Projects    







Aliens: Colonial Narratives Through Plant Migration
June 1 – 23, 2024
PS122 Gallery, New York











Aliens: Colonial Narratives Through Plant Migration
Artists: Adam Vackar, Supermrin
Curator: Isabella Indolfi
Exhibition Dates: June 1 – 23, 2024


This exhibition traces the movement of Giant Hogweed across geographies, histories, and systems of control. Originally introduced to Europe in the 19th century as an ornamental curiosity through colonial botanical networks, the plant gradually shifted from object of admiration to target of eradication. Today, it occupies marginal zones: edges of highways, industrial sites, abandoned land, spaces shaped less by intention than by neglect. The work follows these trajectories through film, photography, and sculptural installations, approaching the plant as a carrier of layered political and historical narratives. Campaigns for its removal reveal how categories such as “invasive,” “illegal,” or “undesirable” are constructed and enforced across both ecological and social domains.

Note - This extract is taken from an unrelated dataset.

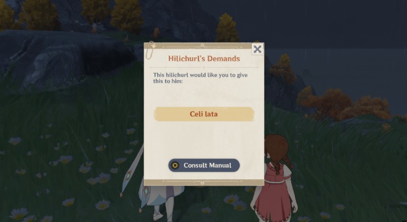 Qingce Villageのすぐ南西にあるBishui Plainで最初のHilichurlと話す .この落ち着きのないヒリチャールは、"gusha celi boya" を望んでいます これは、「赤い果物または野菜」に大まかに翻訳されます。 トマトやジュユン チリなど、この要件を満たすものなら何でも彼に与えることができます。

Alongside this, a series of objects operates as a kind of field diary. Records of searching for and encountering the plant. Materials found in the forest and its surroundings are transformed through electrolysis, gradually covered with a thick layer of copper. Their status shifts from marginal organic residue to sculptural form: stabilized, recontextualized, carrying meaning, with an extended temporal horizon of decay. The exhibition unfolds more as a set of conditions than a fixed narrative. Where plants are not passive elements of landscape, a mere backdrop to human history, but active participants in shaping the environments, conflicts, and imaginaries we inhabit.